In dem siebenseitigen Antrag „Bildung braucht Zeit — Auf gutem Weg zum Abitur“, den die Grünen NRW auf ihrem kleinen Parteitag im Dezember 2014 debattiert und beschlossen haben (wir berichteten), tauchte „Schulentwicklung“ in Varianten und Variationen 15-mal auf.

In Zeile 171 des Antrags hieß es sogar:

Schulentwicklung ist das Kerngeschäft von Schule.

Vielleicht sind wir ja naiv, aber bisher dachten wir — knapp formuliert –, das „Kerngeschäft“ von Schule sei es, Kindern und Jugendlichen etwas beizubringen. Oder ist das Kerngeschäft der Feuerwehr neuerdings die Feuerwehrentwicklung und nicht mehr die Brandbekämpfung? Das Kerngeschäft der Polizei die Polizeientwicklung und nicht mehr „Sicherheit und Ordnung“? Das Kerngeschäft einer Massagepraxis die Massagepraxisentwicklung und nicht mehr die Massage? Das Kerngeschäft einer Bank die Bankentwicklung und nicht mehr das Leihen und Verleihen von Geld? (Warum ist überhaupt von „Kerngeschäft“ die Rede und nicht von „Hauptaufgabe“?)

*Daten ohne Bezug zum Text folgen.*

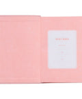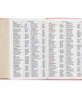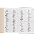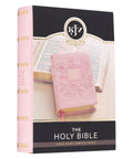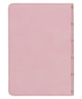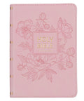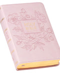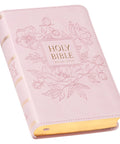 The Bible features a beautiful ballet pink faux leather front cover adorned with a charming floral outline design, gracefully encircling a scalloped heat-debossed frame. Within this frame, the title is elegantly presented in gold-foiled letters.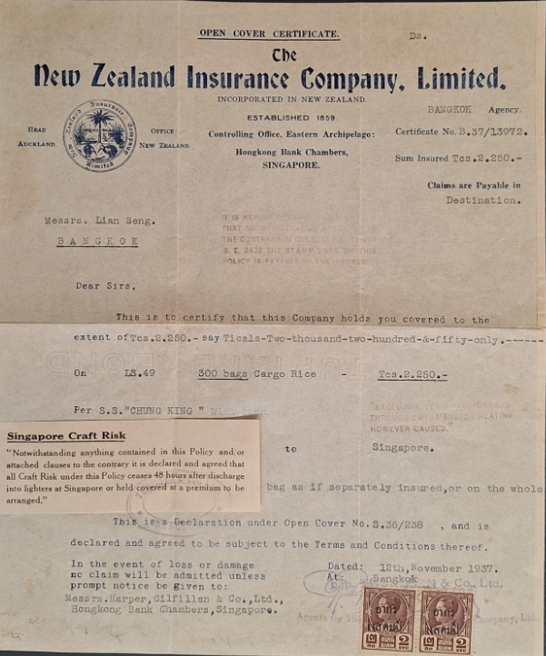 Thailand General Revenue stamps issued April 1933 on insurance document. Insurance for 300 bags of rice done in 1937. Quite a late usage of these provisional revenue stamps. The stamps are overprinted on 1928 king Rama 7 postage stamps.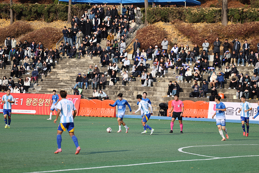 우리 대학 축구부(감독 박종관)가 11월 20일(목) 오후 2시 천안캠퍼스 대운동장에서 열린 ‘2025 KUSF 대학축구 U-리그 왕중왕전’ 결승전에서 울산대학교를 3:2로 제압하며 U리그 1부 우승을 차지했다.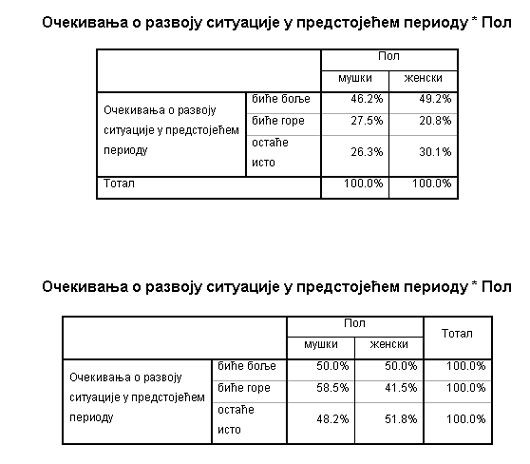 Очекивања о развоју ситуације према полу

Der wirklichkeitsfremde Gebrauch von Wörtern wie „Schulentwicklung“ bestätigt leider, was Michael Felten in seinem Büchlein „Schluss mit dem Bildungsgerede!“ schreibt:

Tatsächlich vernebelt das Bildungsgerede unterschiedlichster Couleur den Blick für das Wirkliche und Mögliche in Sachen Schule. Was an dieser Hochstapelei besonders ärgerlich ist: Der gemeine Lehrer in seinem Alltagshandwerk hat ganz andere Sorgen, steht damit aber ziemlich allein da. […]
[M]an sollte das Ohr einmal an die pädagogische Basis halten. Denn von Praktikern, Menschen also, die täglich unterrichten und dies gerne und nicht gerade erfolglos tun, dringt merkwürdigerweise kaum ein Wort in die öffentliche Debatte — und das ist für diese verhängnisvoll.

Ein Schelm, der denkt, Bildungsgerede sei das Kerngeschäft von Bündnis 90/Die Grünen NRW!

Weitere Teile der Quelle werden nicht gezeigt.